→ **Task to complete**
Starting at the line with "Nestled in a" and going on through the line with "Prodám železné dveře, které", reproduce each line in the records below exactly and nothing more.

→ **Data shown**
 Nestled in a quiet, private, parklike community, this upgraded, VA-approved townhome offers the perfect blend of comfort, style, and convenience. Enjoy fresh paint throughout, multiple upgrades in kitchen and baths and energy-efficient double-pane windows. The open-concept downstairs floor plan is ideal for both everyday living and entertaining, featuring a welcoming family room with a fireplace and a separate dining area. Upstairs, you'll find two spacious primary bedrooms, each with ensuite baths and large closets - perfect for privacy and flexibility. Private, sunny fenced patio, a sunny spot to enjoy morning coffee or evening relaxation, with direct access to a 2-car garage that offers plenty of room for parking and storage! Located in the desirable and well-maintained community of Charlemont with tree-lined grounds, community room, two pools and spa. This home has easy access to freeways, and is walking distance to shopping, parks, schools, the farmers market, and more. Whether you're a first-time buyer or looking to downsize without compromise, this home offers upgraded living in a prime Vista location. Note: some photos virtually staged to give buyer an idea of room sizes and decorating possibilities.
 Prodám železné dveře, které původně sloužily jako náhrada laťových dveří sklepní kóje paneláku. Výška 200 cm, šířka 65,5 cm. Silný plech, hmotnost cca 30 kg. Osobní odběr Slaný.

* * *

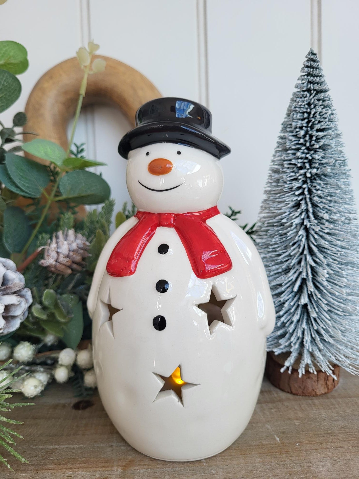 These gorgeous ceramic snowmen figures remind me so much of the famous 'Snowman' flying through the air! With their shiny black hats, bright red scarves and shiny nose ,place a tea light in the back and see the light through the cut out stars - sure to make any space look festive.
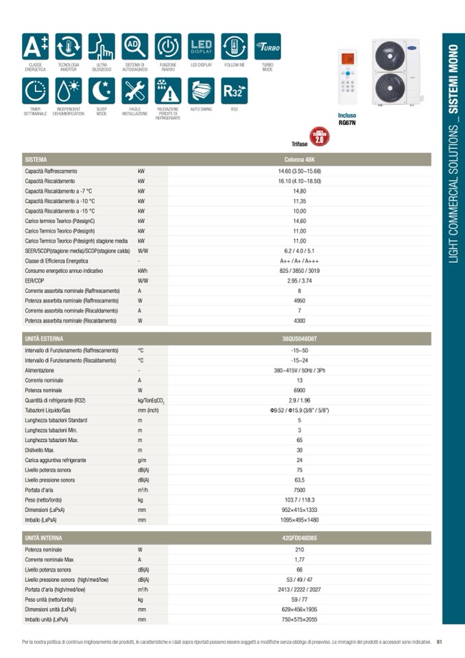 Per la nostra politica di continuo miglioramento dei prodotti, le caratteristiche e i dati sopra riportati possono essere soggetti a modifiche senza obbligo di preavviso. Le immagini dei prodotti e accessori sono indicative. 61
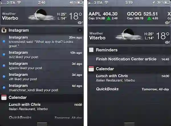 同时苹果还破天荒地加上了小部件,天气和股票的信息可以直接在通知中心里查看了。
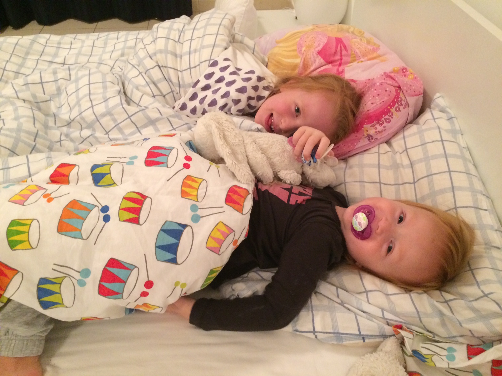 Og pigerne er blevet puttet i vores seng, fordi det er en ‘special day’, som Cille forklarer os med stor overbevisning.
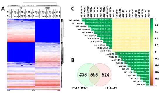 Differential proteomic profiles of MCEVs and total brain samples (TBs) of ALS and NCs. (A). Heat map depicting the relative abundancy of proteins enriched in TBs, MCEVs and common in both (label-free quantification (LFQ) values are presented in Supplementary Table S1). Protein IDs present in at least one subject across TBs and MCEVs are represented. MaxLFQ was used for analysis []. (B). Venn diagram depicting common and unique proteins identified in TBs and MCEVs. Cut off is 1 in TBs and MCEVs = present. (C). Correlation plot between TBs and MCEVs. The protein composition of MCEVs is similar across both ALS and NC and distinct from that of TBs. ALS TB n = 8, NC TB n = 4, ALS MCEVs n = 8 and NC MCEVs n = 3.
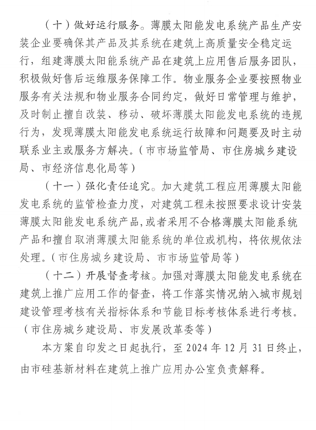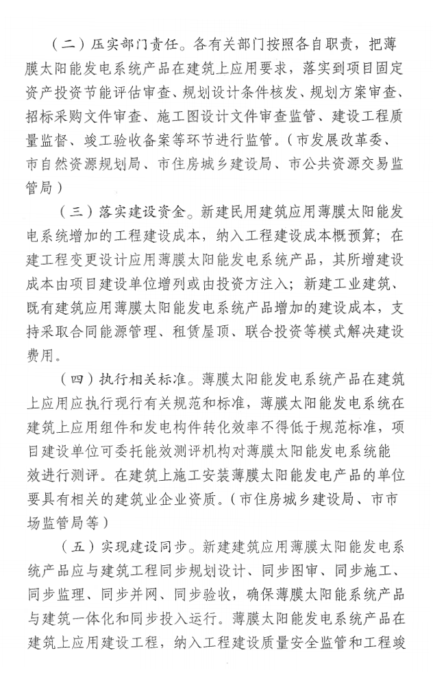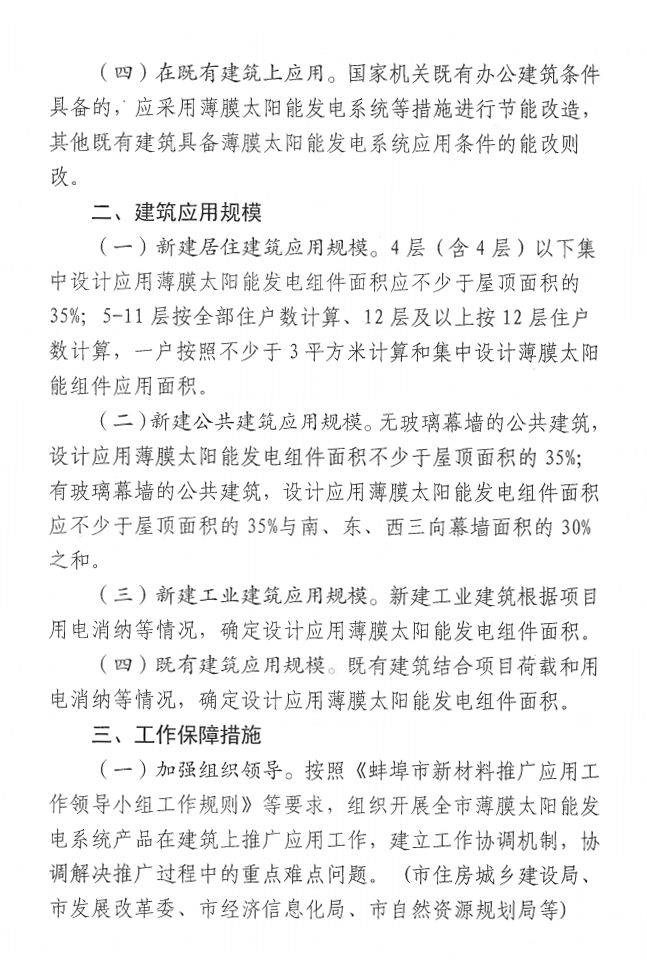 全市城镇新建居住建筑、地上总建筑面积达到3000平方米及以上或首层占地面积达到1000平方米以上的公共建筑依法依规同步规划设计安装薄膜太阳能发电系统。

→ **Exercise output**
 Nestled in a quiet, private, parklike community, this upgraded, VA-approved townhome offers the perfect blend of comfort, style, and convenience. Enjoy fresh paint throughout, multiple upgrades in kitchen and baths and energy-efficient double-pane windows. The open-concept downstairs floor plan is ideal for both everyday living and entertaining, featuring a welcoming family room with a fireplace and a separate dining area. Upstairs, you'll find two spacious primary bedrooms, each with ensuite baths and large closets - perfect for privacy and flexibility. Private, sunny fenced patio, a sunny spot to enjoy morning coffee or evening relaxation, with direct access to a 2-car garage that offers plenty of room for parking and storage! Located in the desirable and well-maintained community of Charlemont with tree-lined grounds, community room, two pools and spa. This home has easy access to freeways, and is walking distance to shopping, parks, schools, the farmers market, and more. Whether you're a first-time buyer or looking to downsize without compromise, this home offers upgraded living in a prime Vista location. Note: some photos virtually staged to give buyer an idea of room sizes and decorating possibilities.
 Prodám železné dveře, které původně sloužily jako náhrada laťových dveří sklepní kóje paneláku. Výška 200 cm, šířka 65,5 cm. Silný plech, hmotnost cca 30 kg. Osobní odběr Slaný.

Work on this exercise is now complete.